• National

    Trump Team Seeking Excuse for Military Action Against Syria

    The foreign minister says Tel Aviv and Washington have at various junctures made attempts to “boost the morale of the terrorists” when they suffer defeat

    Washington is looking for some "excuse" to take military action against Damascus, Foreign Minister Mohammad Javad Zarif said on Tuesday, a day after US President Donald Trump promised quick, forceful action in response to an alleged chemical attack by Syrian government forces. 

    "It seems the US government is seeking an excuse to [militarily] intervene in the country," Zarif told reporters as he began an official visit to Brazil, IRNA reported. 

    As at least one US guided-missile destroyer moved toward the Syrian coast, Trump told a meeting with military leaders and national security advisers that he would soon make a decision following the attack that allegedly occurred late on Saturday, Reuters reported. He said the United States has “a lot of options militarily” on Syria.  

    In addition, the US ambassador to the United Nations, Nikki Haley, said Monday that Washington “will respond” to the alleged gas attack in Douma, a rebel-held town in Eastern Ghouta, regardless of whether the UN Security Council acts or not. 

    Moscow and Damascus have dismissed the reports blaming the Syrian government, with Russia saying it has found no traces of a chemical attack in the Syrian town, RT reported. 

      Lifting Moral of Terrorists 

    Zarif said, "The Islamic Republic has a very clear stance on chemical weapons and condemns its use by any party and against any party." 

    Tel Aviv and Washington have at various junctures made attempts to "boost the morale of the terrorists" when they suffer defeat, the minister added, referring to missile strikes on a major airfield in central Syria on Monday that Moscow and Damascus have blamed on Israel. 

    Israel, which has struck Syrian army locations many times in the course of Syria's 7-year-old civil war, has neither confirmed nor denied mounting the raid.
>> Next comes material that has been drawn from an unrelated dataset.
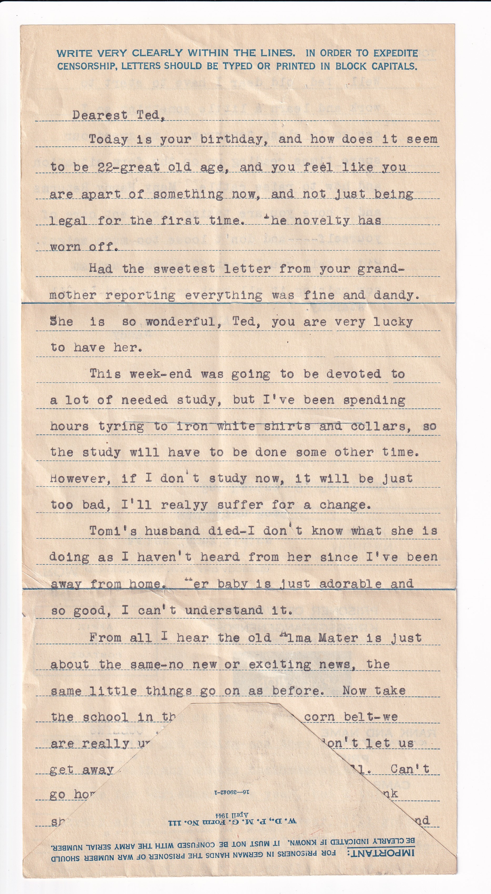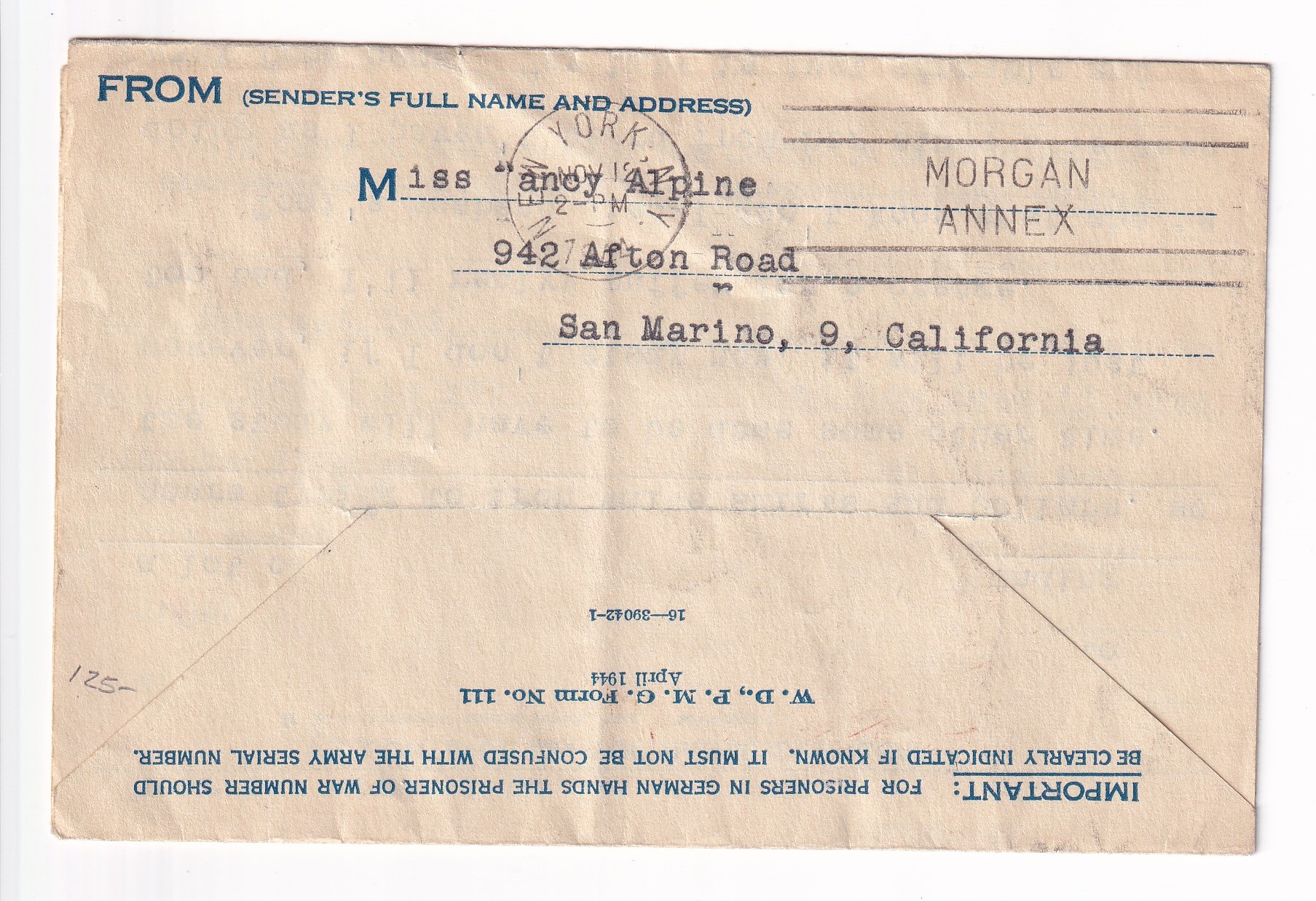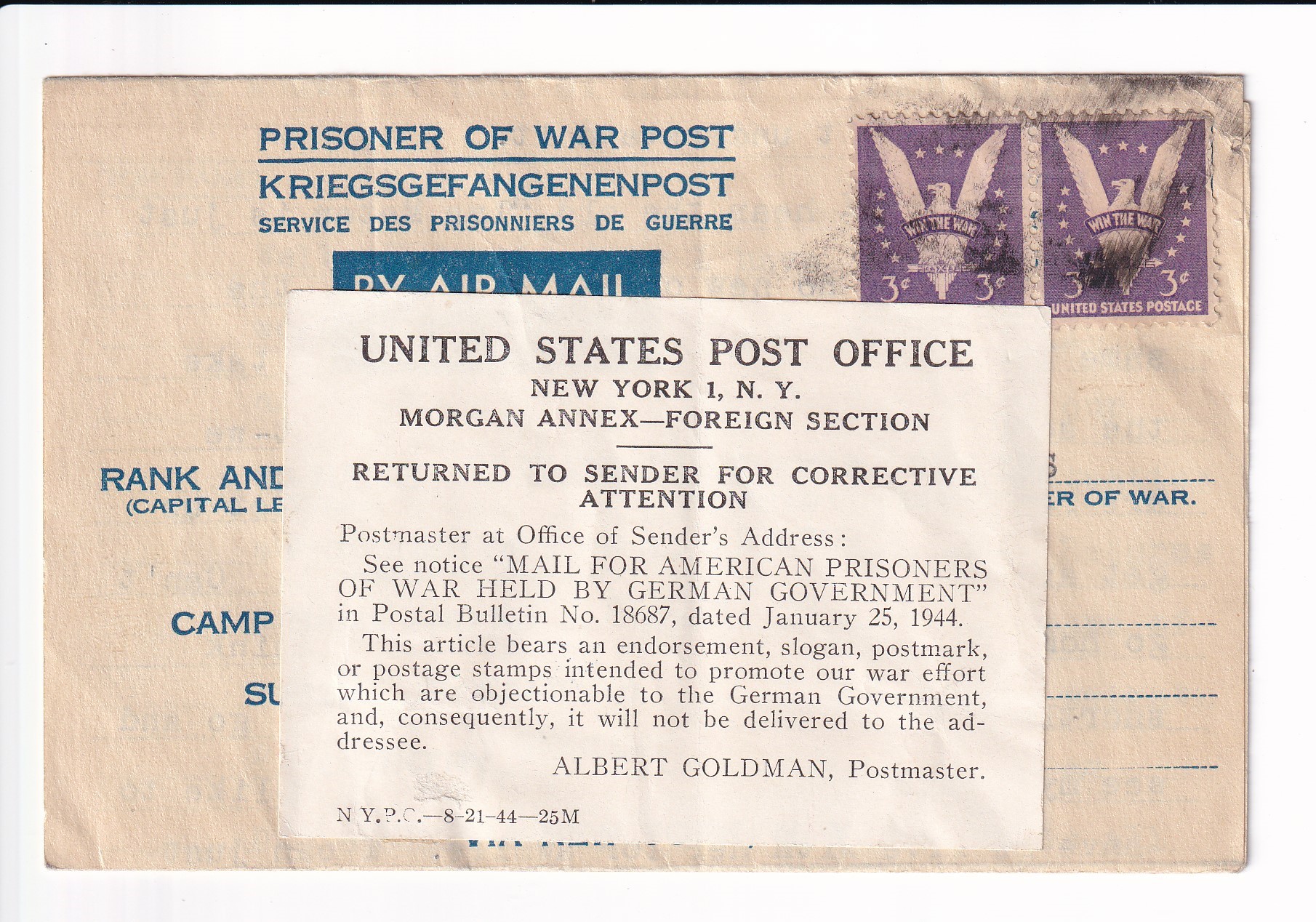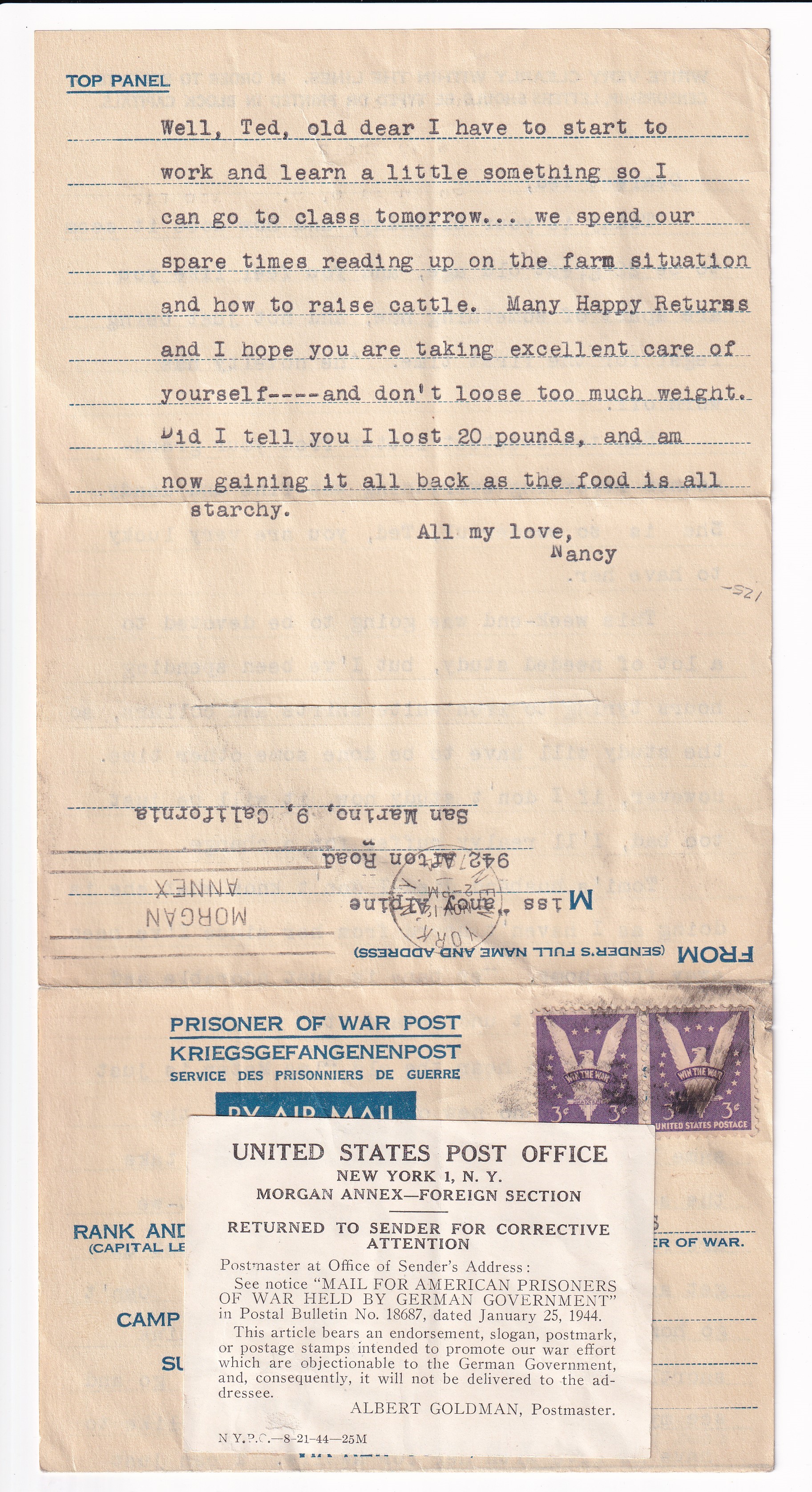 1944 San Marino, Ca to Stalag 2B, Germany, RTS by Censor (Offensive Stamps)(Win the War). Added Thursday, December 25, 2025

It rarely acknowledges individual strikes.  

      Continued Support 

    Ali Akbar Velayati, a foreign policy advisor to the Leader of Islamic Revolution, on Tuesday reiterated Iran's continued support for Syrian President Bashar al-Assad as well as the country's territorial integrity and sovereignty.  The military achievements of the Syrian army, particularly in the besieged Eastern Ghouta, have "riled" the enemies and that is why they are making "false" accusations against the Arab state, he told IRNA in Damascus, where he was scheduled to attend an international conference on Palestine. 

      Implicating Syria 

    Alaeddin Boroujerdi, chairman of Majlis National Security and Foreign Policy Commission, believes that the new accusations are aimed at "implicating" the Syrian government.

    "The Syrian government has the upper hand, and, based on political and military calculations, there is no point in using chemical weapons," ICANA quoted him as saying on Tuesday. 

    Syria, a signatory to the Chemical Weapons Convention, denies it possesses chemical weapons and has branded the use of such arms "immoral and unacceptable".